_TO DO_. Give again, word for word, the lines below that run from the line with "membawa potensi bahaya" through the line with "女人腿部小巧时尚的豹纹爱心纹身图片". Drop the pictures.

_SOURCE DATA_.

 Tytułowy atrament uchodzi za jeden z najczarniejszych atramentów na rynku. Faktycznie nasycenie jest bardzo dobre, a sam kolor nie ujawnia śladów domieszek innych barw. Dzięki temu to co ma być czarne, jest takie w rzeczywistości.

--

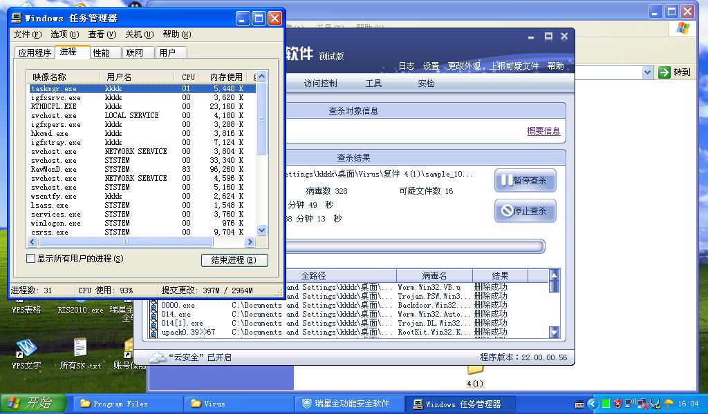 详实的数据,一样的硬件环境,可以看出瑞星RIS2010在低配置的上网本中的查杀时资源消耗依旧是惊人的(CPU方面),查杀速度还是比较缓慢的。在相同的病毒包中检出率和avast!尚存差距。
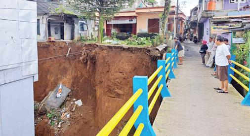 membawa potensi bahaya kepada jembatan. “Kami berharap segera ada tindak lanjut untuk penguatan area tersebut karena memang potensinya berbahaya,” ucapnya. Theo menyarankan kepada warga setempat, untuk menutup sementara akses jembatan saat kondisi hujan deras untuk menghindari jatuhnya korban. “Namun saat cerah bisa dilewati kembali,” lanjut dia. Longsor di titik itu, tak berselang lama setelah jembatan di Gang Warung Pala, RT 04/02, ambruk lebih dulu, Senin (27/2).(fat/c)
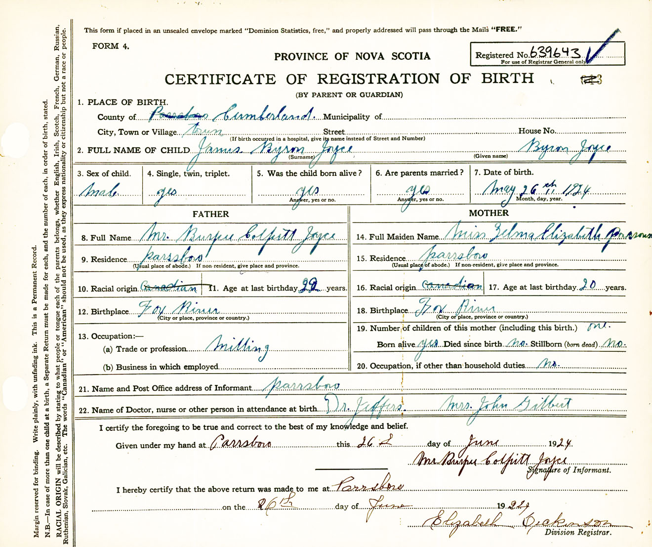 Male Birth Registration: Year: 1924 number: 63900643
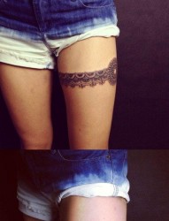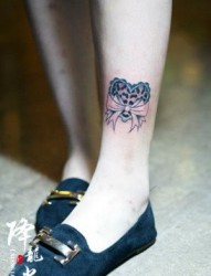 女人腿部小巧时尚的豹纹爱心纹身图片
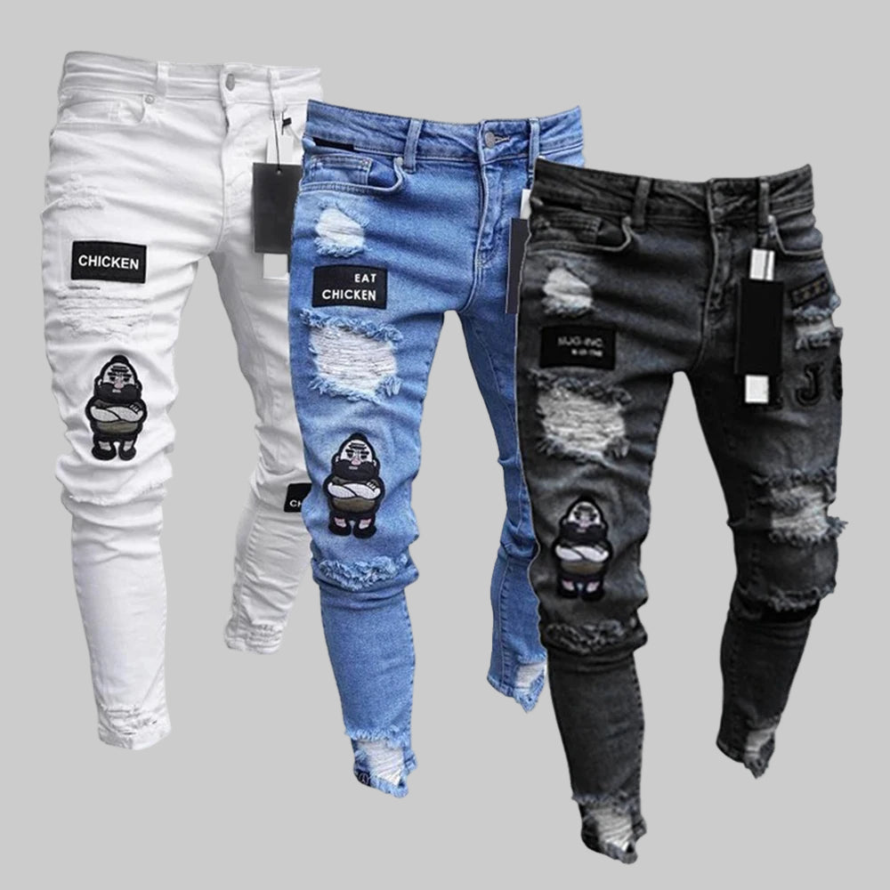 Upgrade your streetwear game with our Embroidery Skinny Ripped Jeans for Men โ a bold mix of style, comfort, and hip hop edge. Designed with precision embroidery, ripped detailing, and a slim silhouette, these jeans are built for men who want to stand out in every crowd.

_TASK ANSWER_.
 membawa potensi bahaya kepada jembatan. “Kami berharap segera ada tindak lanjut untuk penguatan area tersebut karena memang potensinya berbahaya,” ucapnya. Theo menyarankan kepada warga setempat, untuk menutup sementara akses jembatan saat kondisi hujan deras untuk menghindari jatuhnya korban. “Namun saat cerah bisa dilewati kembali,” lanjut dia. Longsor di titik itu, tak berselang lama setelah jembatan di Gang Warung Pala, RT 04/02, ambruk lebih dulu, Senin (27/2).(fat/c)
 Male Birth Registration: Year: 1924 number: 63900643
 女人腿部小巧时尚的豹纹爱心纹身图片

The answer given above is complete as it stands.